The widespread coverage of cellular networks makes them an attractive option for handling the growing number of sensing and monitoring devices. Therefore, M2M communications, involving wide area communication of sensor data to an Internet based application, is emerging as an important service over mobile cellular networks [2, 3, 4, 5]. It spans multiple vertical industries such as transportation, healthcare, utilities, retail, industrial monitoring, banking, and home automation and includes a variety of applications within each vertical. Projections for growth of M2M communication devices range from 24 billion  to 50 billion  in the next decade with over 2 billion M2M devices expected to directly attach to the cellular network by this time. Given the potential for a significant new revenue stream from M2M data services, the industry is focusing on ensuring that cellular networks can efficiently serve the needs of M2M communications.
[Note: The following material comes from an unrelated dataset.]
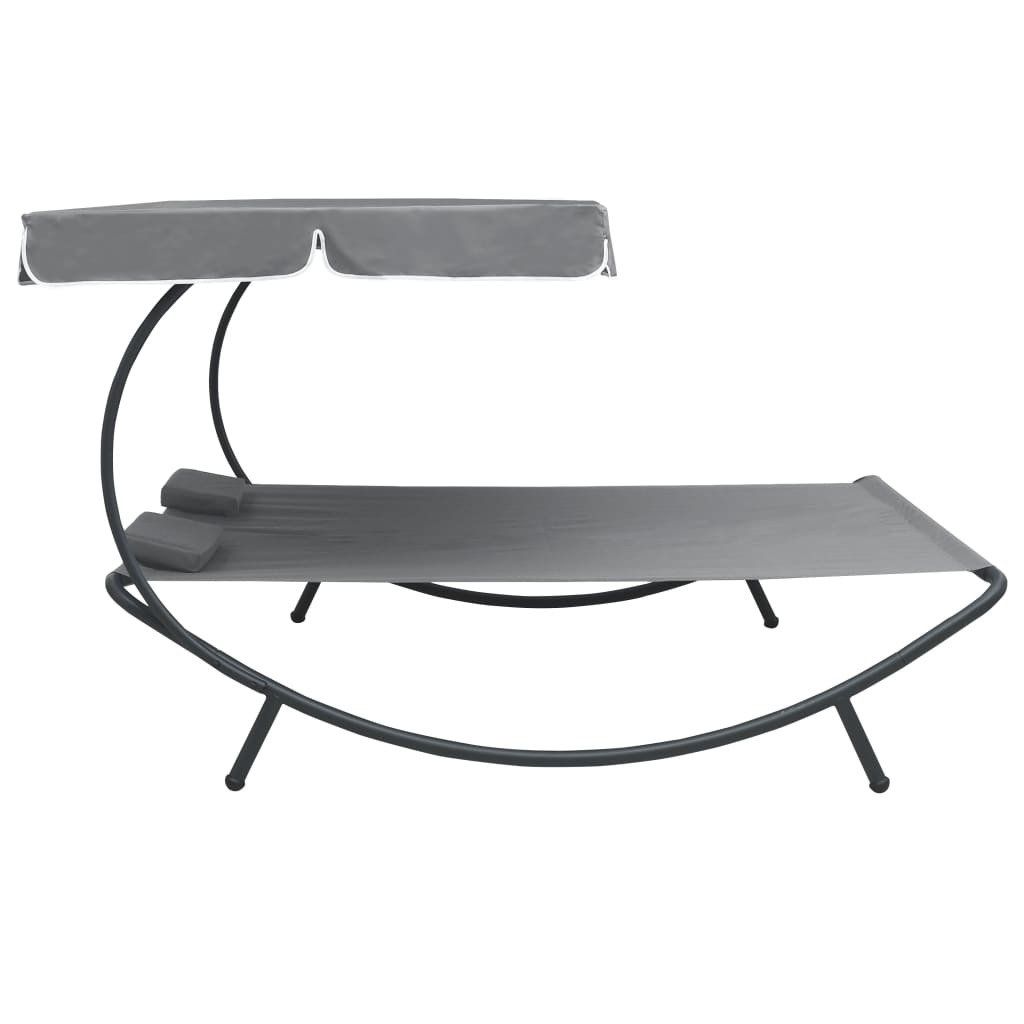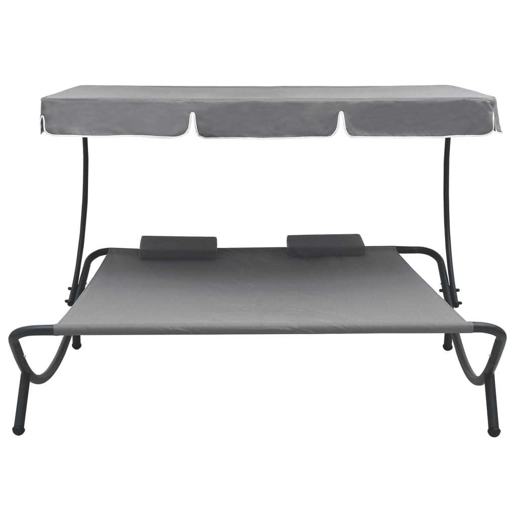 Patio Lounge Bed with Canopy and Pillows Gray - Grey

I-a Motivation and Related Work
M2M devices in some verticals are deployed in locations that are not frequented by people. For example, vending machines and water, gas or other meters, are typically deployed in basements of buildings, water monitoring systems are deployed underground, and some traffic monitoring systems may be deployed in the tunnels. Such machines will typically have devices that communicate with their controlling applications or servers over wireless networks. For such locations, radio signals have to be substantially stronger compared to what is required for traditional service. Hence, device transmit power required for communication becomes a critical issue. In addition, if the devices are battery operated total transmission energy from the device is also an important consideration.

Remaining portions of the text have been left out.